The minute she realized what she would have to do, the same thing came to mind—she couldn’t leave him, but their wants were currently insignificant. Putting herself into the crosshairs of a man with no scruples was probably the worst decision she would ever make, but she would never be able to live with herself if harm came to more people because of her.
He pulled her down to his chest. Although his stomach had slowed, his heart was still racing. She held onto his arms, gripping his biceps. Joel would never allow her to go blindly into the woods. She would have backup and cover. But, the possibility was still there. She could die. It was still possible that she would never see Gage again. She didn’t want to think about what would happen to him if he had to come to grips with letting someone else slip away from him a second time, especially someone he cared about and hopefully, even loved.
She loved him, but she wouldn’t ruin the moment by telling him now. He probably wouldn’t allow her to anyway. If she told him she loved him, then it meant that she truly believed that she was going to die. Gage would simply shake his head and shut her up. His anger would return. This, she preferred—lying on top of him and listening to his heartbeat, feeling the rise and fall of his chest. It brought her an eerie kind of solitude, one that inferred that perhaps she’d already accepted the possibility of death, justified only by the fact that two very young lives would be saved in her place.
Up to this point, she’d already seen a lot in thirty-three years. She’d traveled the world, worked in medical humanitarianism, found the will to live again after losing her mother and ended up making the most amazing friends in the process. The days she’d spent in medical school had seemed perpetual, but she’d somehow still made it. If she’d had more time, she would have probably even become one of the top professionals in her field.
She’d even gotten the chance to fall in love.
Her life had been full. Though
there was more that she could have accomplished, more to discover, what had happened up until this point wasn’t exactly chopped liver.
I could die tomorrow…
The thought was supposed to come across as reassuring. As though, because her life was so full, if it ended in the next several hours there wouldn’t be many more experiences left for her to miss. However, the only thing she felt was a fear deeper than anything she’d ever known she could experience.
The tears returned. They were followed by Gage’s fingers as he swiped them away and his hands as he cupped her cheeks. He stared at her with an expression on his face that she felt over every inch of her body.
I could die tomorrow…
Then, his brows softened as though, all of a sudden, he could hear it too.
-16-
Gage’s hands clenched and released as Joel relayed his plan to Tayler—the plan that would essentially mark her as a target, putting her directly in the line of fire. He resisted the urge to pace as he listened, especially since he’d already concluded that there was nothing else that could have been done. If she didn’t go, the children would be killed. There was no wiggle room when children were involved. He’d plunged into carotids, cracked hyoid bones, and collapsed tracheas, but none of his work had ever involved bringing harm to a child. Not even the machine gun toting ones. Children never knew better. They were twice as impressionable as adults who were pretty damn malleable themselves.

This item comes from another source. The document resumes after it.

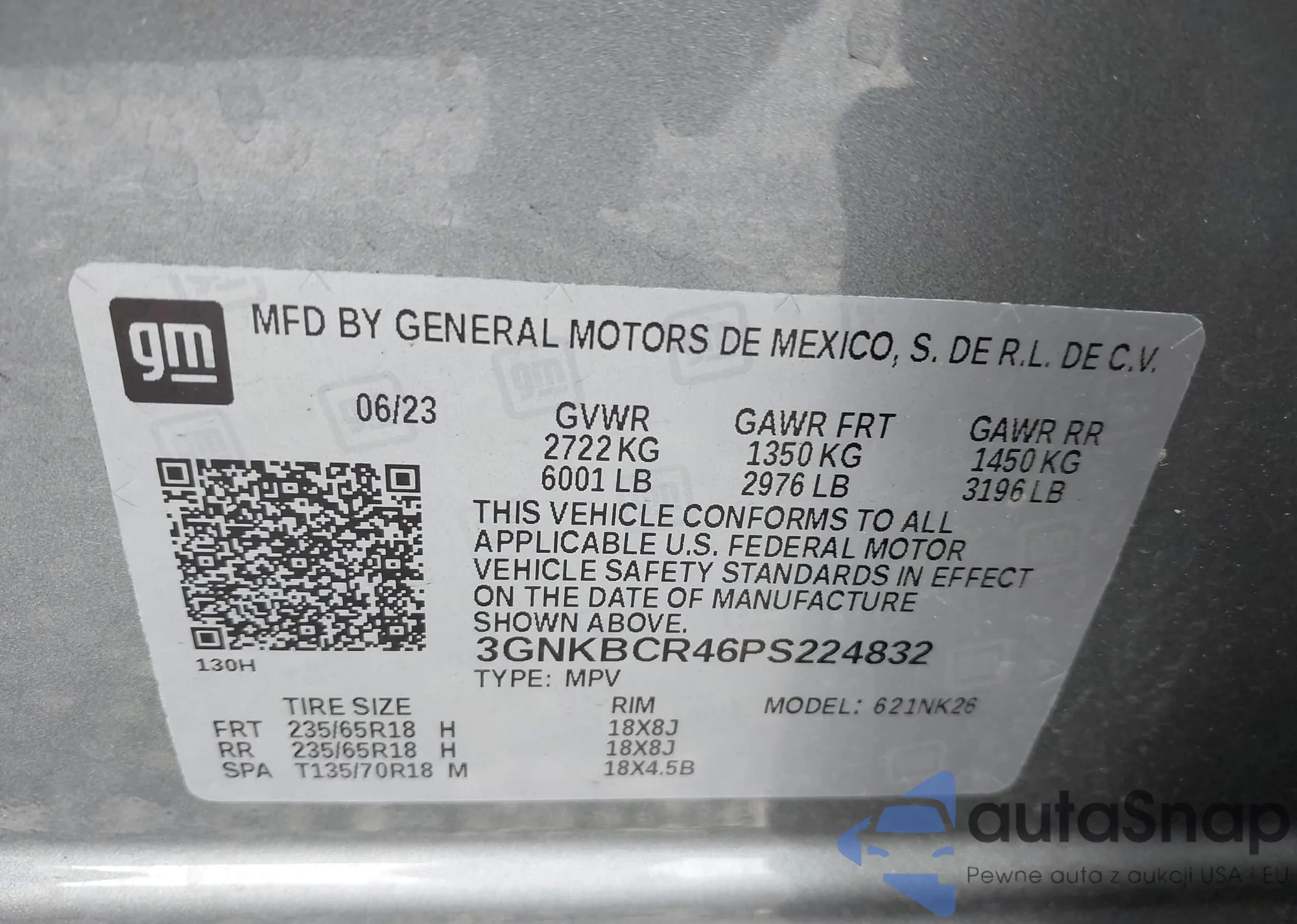 • VIN 3GNKBCR46PS224832

Being enshrouded by his thoughts had caused him to lose the last five minutes of the conversation, but it was something that had caused Tayler’s shoulders to tense beneath his palms. Standing behind her while she sat in a dining room chair with his grip somewhere on her body had been the only thing that had stopped him from incessantly pacing. It was different this time, he knew. The other time, he’d been thousands of miles away. No matter how many ways he’d twisted it in his head, he would have never been able to get there in time to save his family. Yet, it had still gripped him day and night for years, spurring to its worst around the same time each year.